MAGE:A Multi-stage Avatar Generator with Sparse Observations
This addresses the challenge of realistic full-body motion prediction from limited sensor data for AR/VR applications, representing a novel methodological improvement rather than a foundational breakthrough.
The paper tackles the problem of inferring full-body poses from sparse 3-joint observations in AR/VR applications, proposing MAGE, a multi-stage avatar generator that progressively refines predictions from 6 to 22 joints, achieving significantly better accuracy and continuity than state-of-the-art methods.

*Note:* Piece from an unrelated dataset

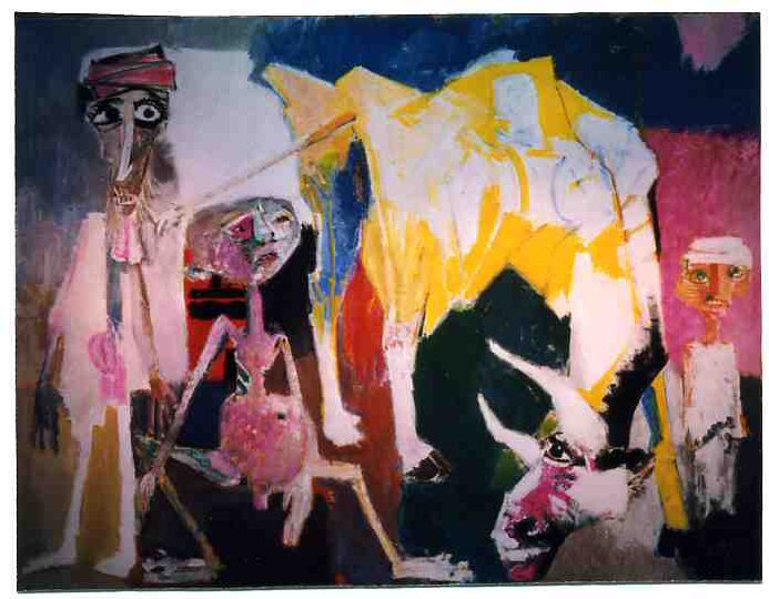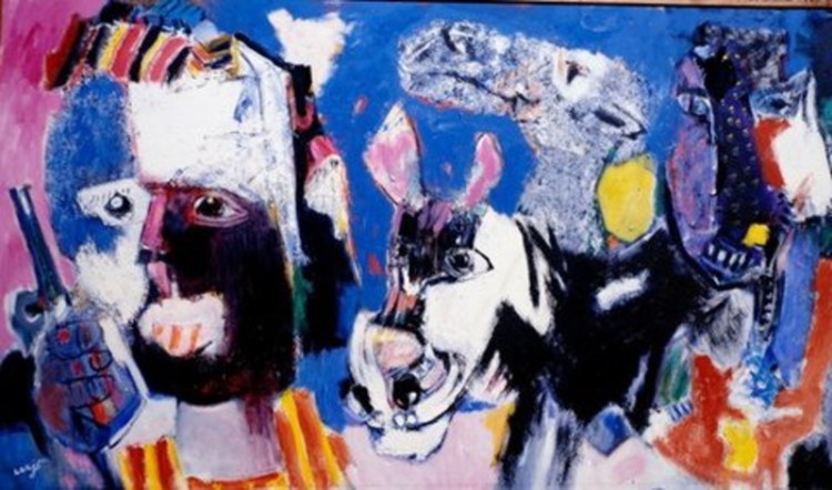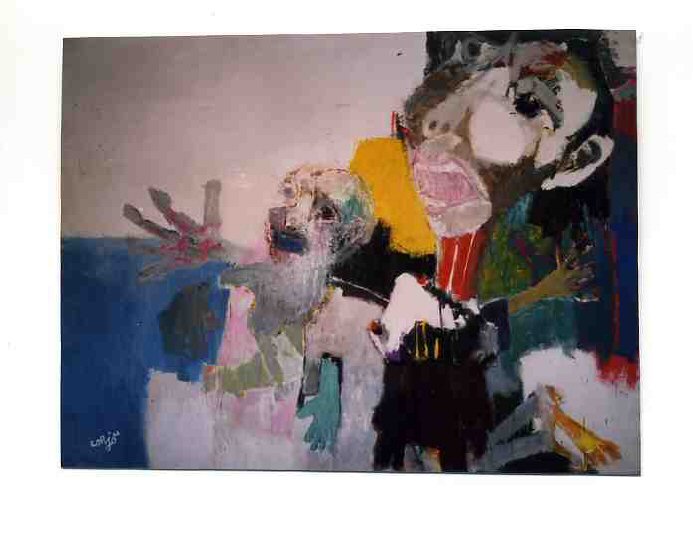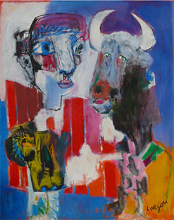 Al núcleo figurativo el francés LORJOU le confiere la insolencia expresiva propia de esa consideración del hombre como comedor de carne roja, patatas fritas, fruta y queso. Pero hay más, porque detrás de esa determinación plástica viene la condición madura de una representación marcada por un sentido total de la existencia.

Inferring full-body poses from Head Mounted Devices, which capture only 3-joint observations from the head and wrists, is a challenging task with wide AR/VR applications. Previous attempts focus on learning one-stage motion mapping and thus suffer from an over-large inference space for unobserved body joint motions. This often leads to unsatisfactory lower-body predictions and poor temporal consistency, resulting in unrealistic or incoherent motion sequences. To address this, we propose a powerful Multi-stage Avatar GEnerator named MAGE that factorizes this one-stage direct motion mapping learning with a progressive prediction strategy. Specifically, given initial 3-joint motions, MAGE gradually inferring multi-scale body part poses at different abstract granularity levels, starting from a 6-part body representation and gradually refining to 22 joints. With decreasing abstract levels step by step, MAGE introduces more motion context priors from former prediction stages and thus improves realistic motion completion with richer constraint conditions and less ambiguity. Extensive experiments on large-scale datasets verify that MAGE significantly outperforms state-of-the-art methods with better accuracy and continuity.